The demand has grown on a worldwide basis. The US Department of Defence, for instance, has launched its Unique Identification (UID) programme, making automatic identification mandatory for any purchase that costs more than $5000, has a serial number, or is mission critical. For Pryor, the trend represents a resounding justification of its investment in the new technology.
“So, in addition to type punches, engraving and marking machines, we are now building an international traceability business,” said Andrew. “But since we have to supply globally yet support locally, we’ve had the challenge of finding suitable partners around the world with the technical ability to provide that support. Joint ventures have therefore become essential to our strategy and to the future of the business here in the UK. One joint venture is in Pune, India, where Marks Pryor Marking Technology has Asia as its territory, providing a regional centre of excellence and forming strategic partnerships across the continent. The other is in North America, where Monode Pryor Traceability serves the US, Canada and Mexico. We in Sheffield will act in the same way as a hub for Europe. What remains is China, where we still rely on our old network of distributors.”
In time, a centre of excellence will be established there too, but, for the present, two joint ventures represent challenge enough for what is at heart a Sheffield SME with 150 people – especially since it’s a business that faces issues on the home front too.
“Margins on the standard products are thin and they were being eroded,” Andrew explained. “We needed to move into higher value-added applications, and traceability technology has high value. Our future in the UK depends on it. So we aim to exploit the lifetime of commodity products and restore their margin by manufacturing offshore, while building up here the business that’s based on the new technology.”
That makes particular sense, he continued, from the point of view of energy. “The traditional work all involves heat treatment, and the associated energy costs have more than doubled. That reduces margins to the point where a business is only marginally viable and is the factor, above all, that has driven us to India.

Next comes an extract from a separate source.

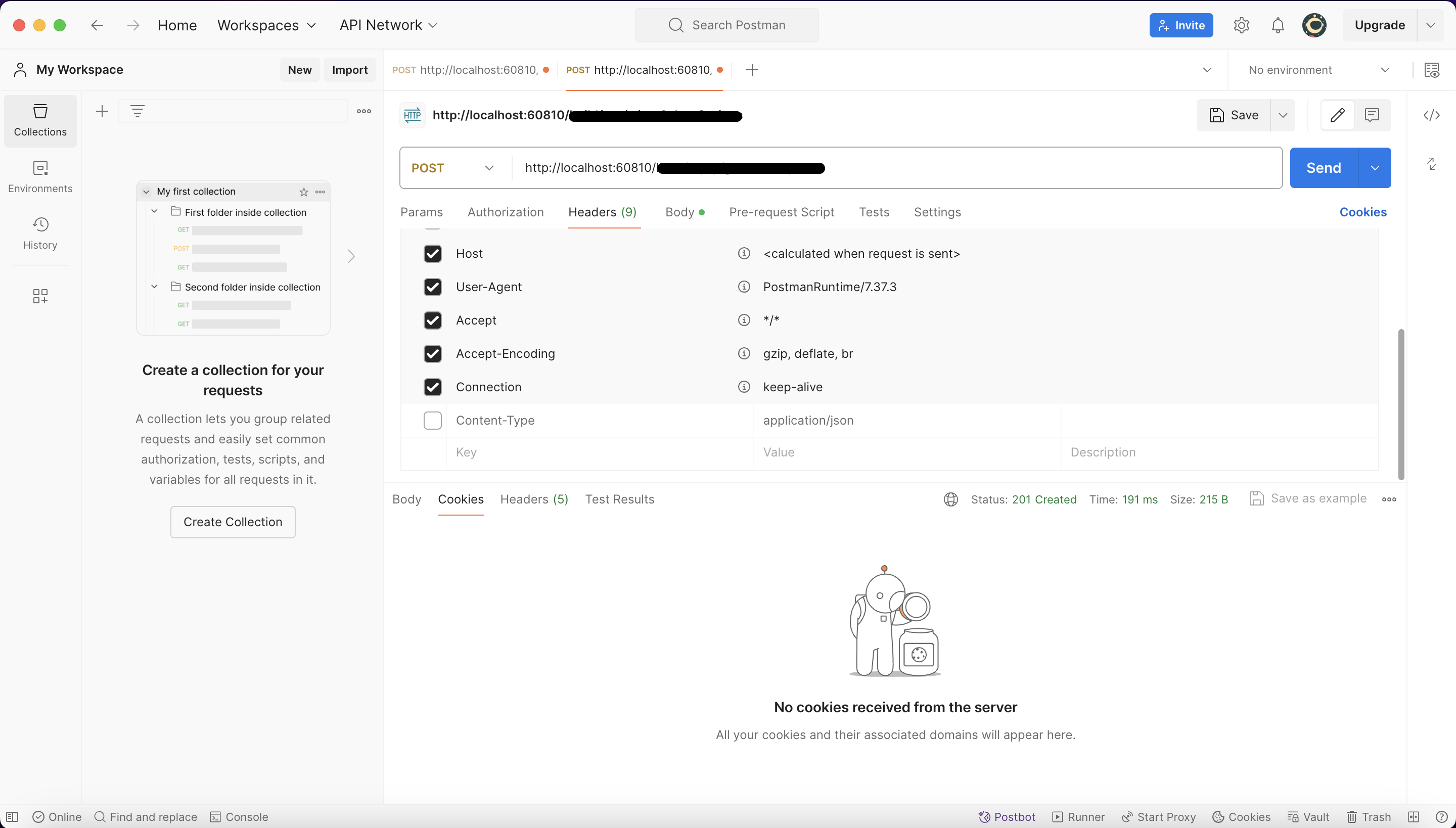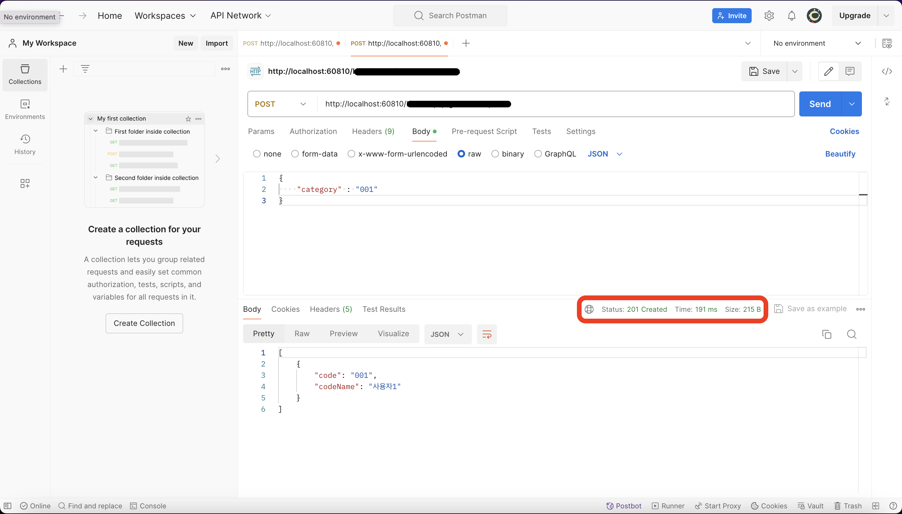 - 201 : 요청이 성공적으로 완료돼 새로운 자원이 생성됐음

Moving the manufacture of commodity products there will significantly reduce our energy requirements here.”
What has emerged from all the changes, he concluded, is a new sense of identity. “Though Pryor started life as a marking company, it was always concerned with product identification and the tracking of parts. I now see it increasingly as a traceability business, and we’re winning custom on that basis. We’re working with some major blue chip companies, winning contracts against international competition. On three occasions now we’ve been selected as preferred supplier, because we’re the only organisation that can offer a total solution covering both marking and vision systems, and because our ability to provide global coverage with local support is unmatched. We looked at our traditional business, saw that it would run down in time, and took the decision to invest heavily in new technologies. That’s something our competitors haven’t done, and it’s something that’s communicating itself to the customer.”